Dataset items
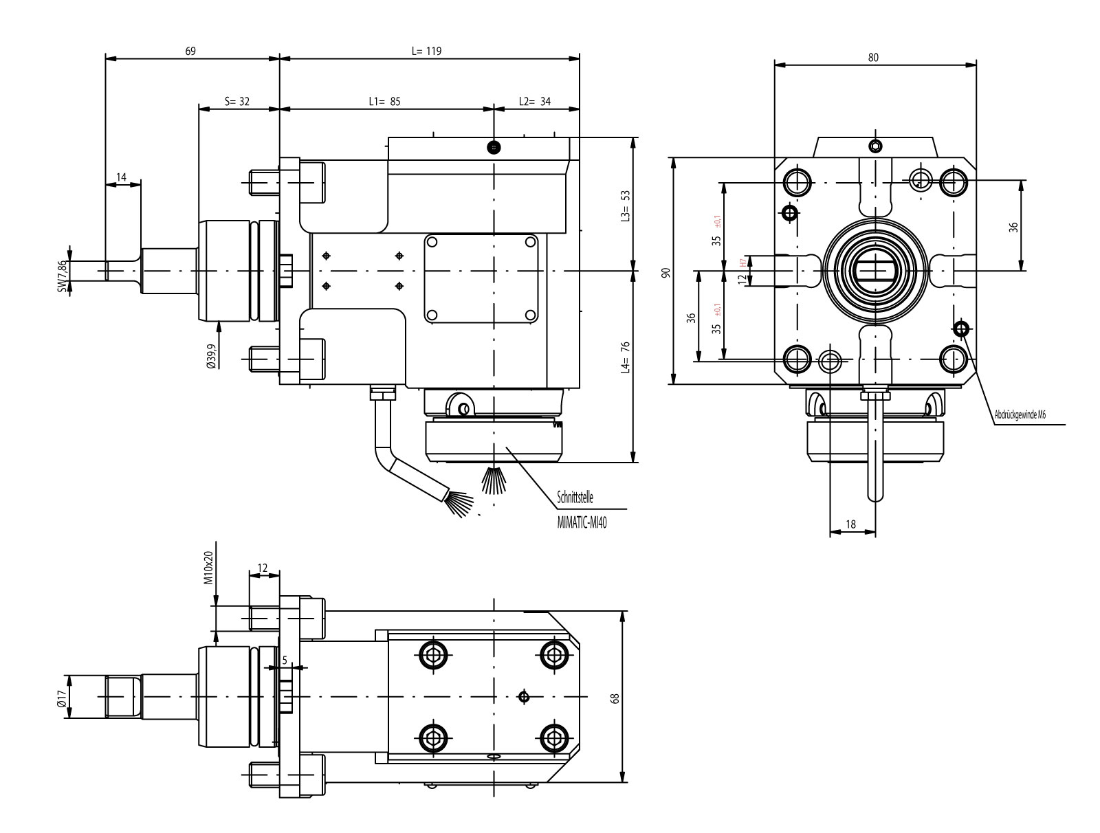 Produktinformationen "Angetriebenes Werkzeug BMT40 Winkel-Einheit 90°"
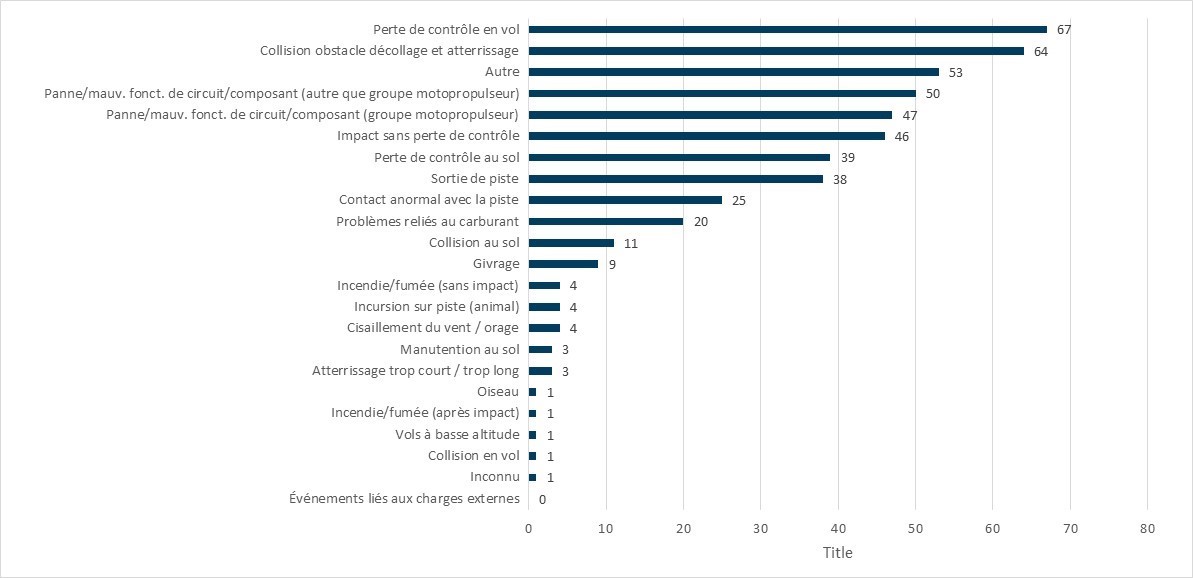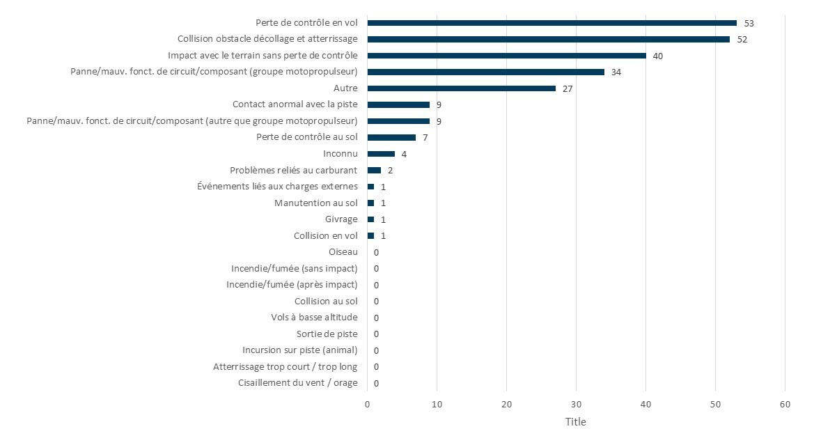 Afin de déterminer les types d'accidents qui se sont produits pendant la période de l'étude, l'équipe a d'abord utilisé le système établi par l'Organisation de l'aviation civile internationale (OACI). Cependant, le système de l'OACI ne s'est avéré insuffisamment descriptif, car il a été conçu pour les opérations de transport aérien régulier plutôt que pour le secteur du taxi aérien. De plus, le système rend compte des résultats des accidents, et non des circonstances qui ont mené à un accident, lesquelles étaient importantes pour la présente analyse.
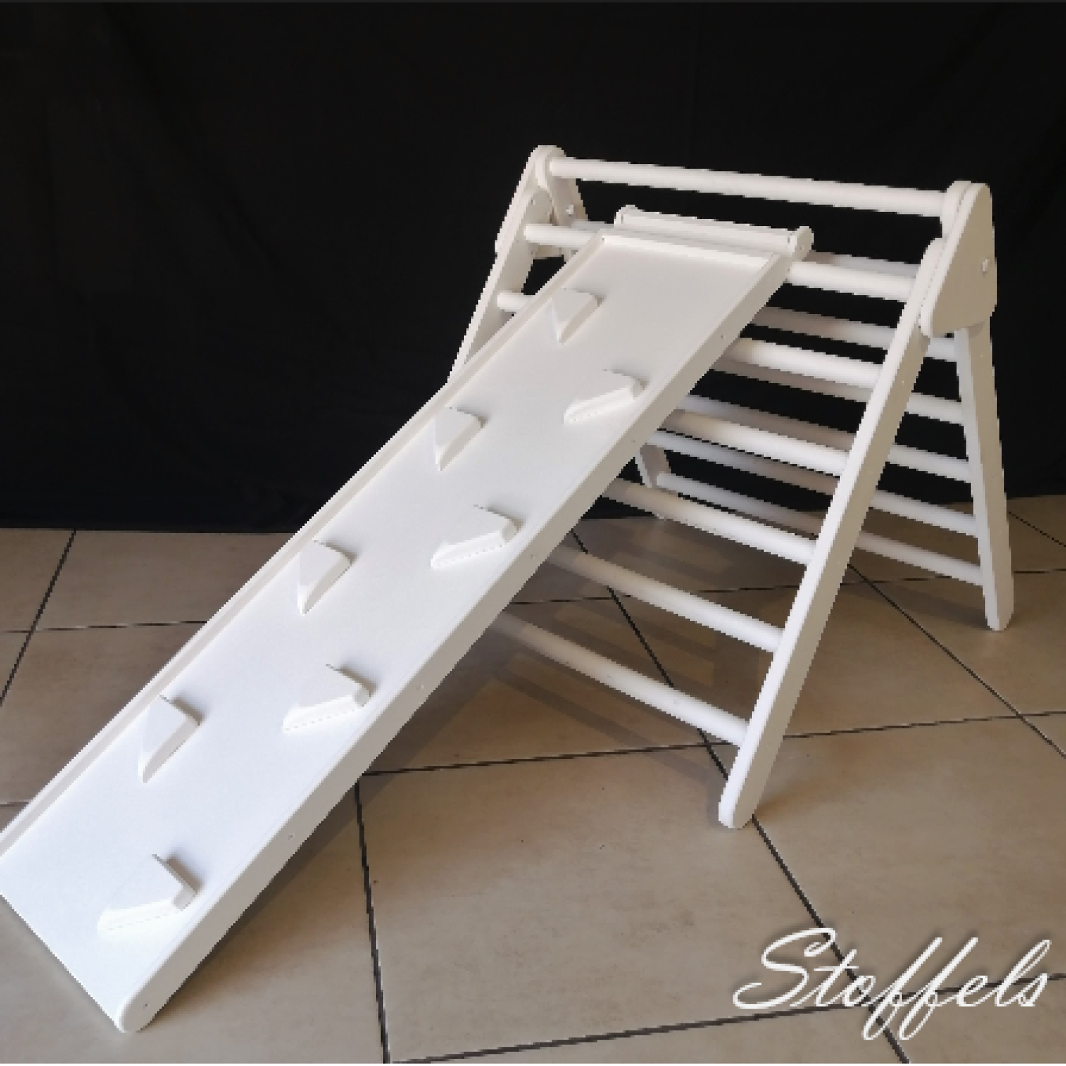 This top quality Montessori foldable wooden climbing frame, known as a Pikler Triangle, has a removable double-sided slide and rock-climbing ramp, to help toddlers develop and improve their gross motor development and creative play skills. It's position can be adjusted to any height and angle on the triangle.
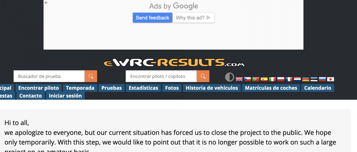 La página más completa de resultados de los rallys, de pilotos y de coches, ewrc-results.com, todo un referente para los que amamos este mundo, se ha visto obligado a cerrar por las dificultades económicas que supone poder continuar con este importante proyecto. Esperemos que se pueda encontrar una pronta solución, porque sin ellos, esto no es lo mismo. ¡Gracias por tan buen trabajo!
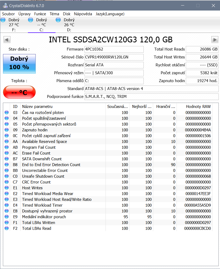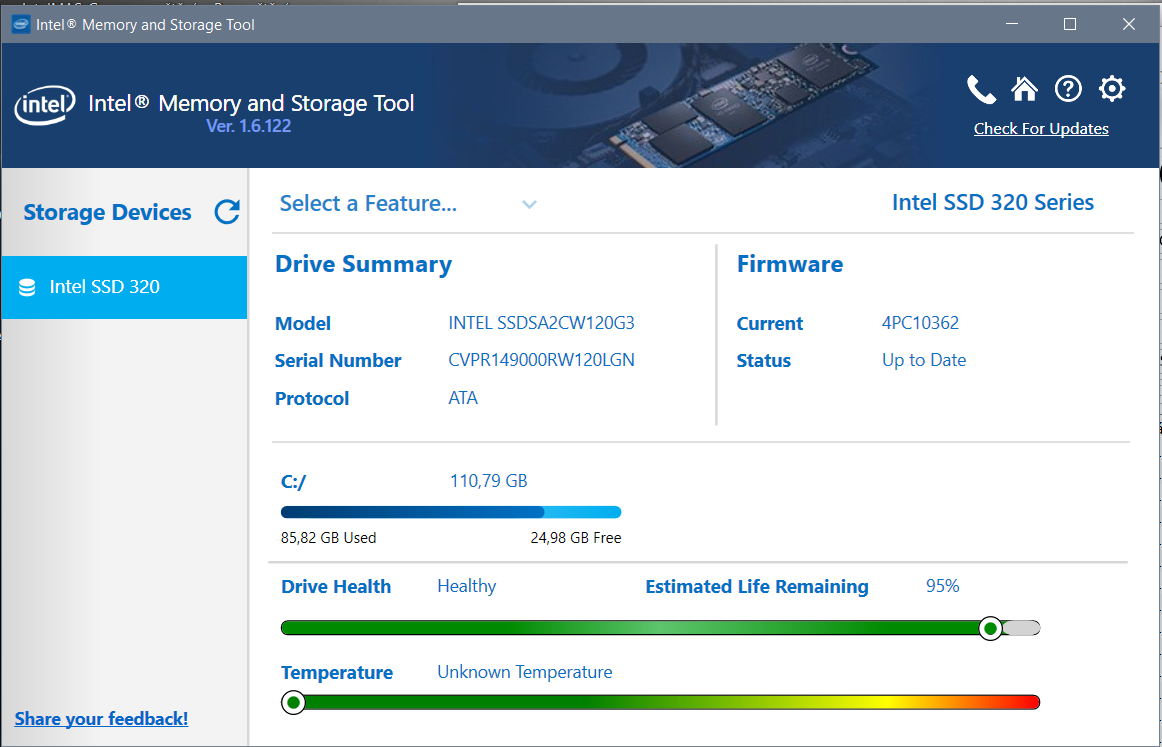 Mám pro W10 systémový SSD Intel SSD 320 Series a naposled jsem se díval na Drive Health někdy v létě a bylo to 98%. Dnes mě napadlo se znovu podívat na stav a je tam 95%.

■ EXERCISE DETAILS ■
Each entry must be set down word for word; no image may be carried over.

■ SOLVED PROBLEM ■
 Produktinformationen "Angetriebenes Werkzeug BMT40 Winkel-Einheit 90°"
 Afin de déterminer les types d'accidents qui se sont produits pendant la période de l'étude, l'équipe a d'abord utilisé le système établi par l'Organisation de l'aviation civile internationale (OACI). Cependant, le système de l'OACI ne s'est avéré insuffisamment descriptif, car il a été conçu pour les opérations de transport aérien régulier plutôt que pour le secteur du taxi aérien. De plus, le système rend compte des résultats des accidents, et non des circonstances qui ont mené à un accident, lesquelles étaient importantes pour la présente analyse.
 This top quality Montessori foldable wooden climbing frame, known as a Pikler Triangle, has a removable double-sided slide and rock-climbing ramp, to help toddlers develop and improve their gross motor development and creative play skills. It's position can be adjusted to any height and angle on the triangle.
 La página más completa de resultados de los rallys, de pilotos y de coches, ewrc-results.com, todo un referente para los que amamos este mundo, se ha visto obligado a cerrar por las dificultades económicas que supone poder continuar con este importante proyecto. Esperemos que se pueda encontrar una pronta solución, porque sin ellos, esto no es lo mismo. ¡Gracias por tan buen trabajo!
 Mám pro W10 systémový SSD Intel SSD 320 Series a naposled jsem se díval na Drive Health někdy v létě a bylo to 98%. Dnes mě napadlo se znovu podívat na stav a je tam 95%.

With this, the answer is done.